§ Problem:
Images are not part of the copy; transcribe all the data exactly.

***** Source data *****

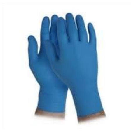
Guanti in nitrile

Inoltre, per gli alunni con disabilità certificata il Consiglio di Classe, tenuto conto delle specificità dell'alunno e del PEI, ha la facoltà di esonerare l'alunno dall'effettuazione della prova di esame in presenza, stabilendo la modalità in videoconferenza come alternativa.
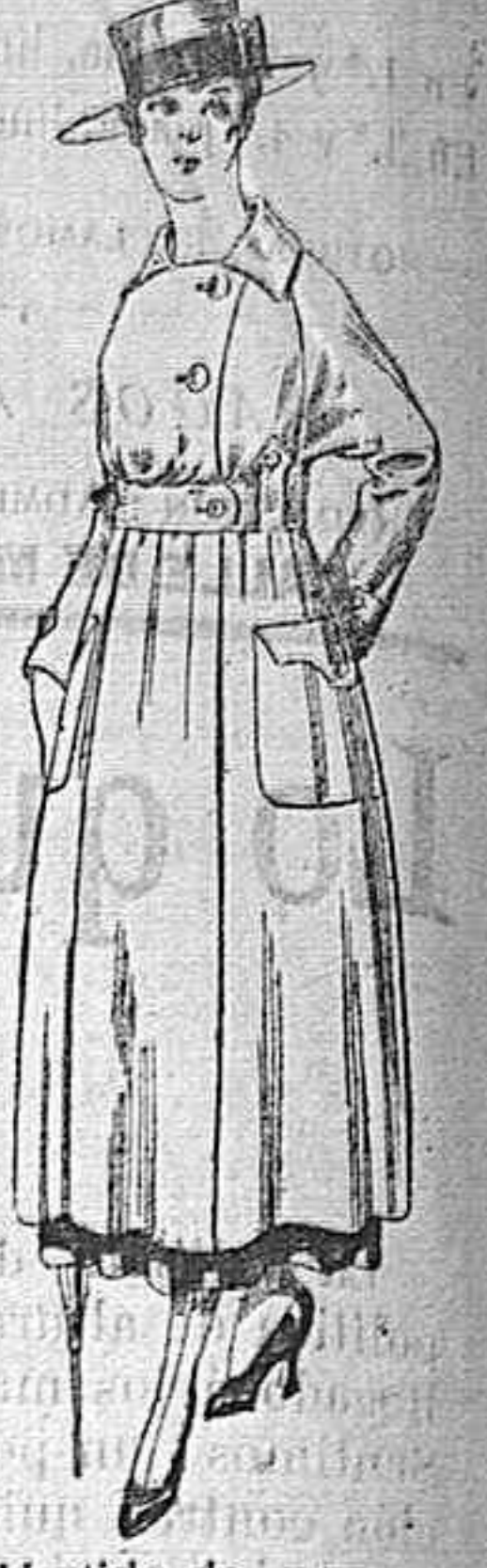
Vestido de estambre negro, azul y colores bordado De peseta 64 á 75

*****

§ Result:
Guanti in nitrile

Inoltre, per gli alunni con disabilità certificata il Consiglio di Classe, tenuto conto delle specificità dell'alunno e del PEI, ha la facoltà di esonerare l'alunno dall'effettuazione della prova di esame in presenza, stabilendo la modalità in videoconferenza come alternativa.
Vestido de estambre negro, azul y colores bordado De peseta 64 á 75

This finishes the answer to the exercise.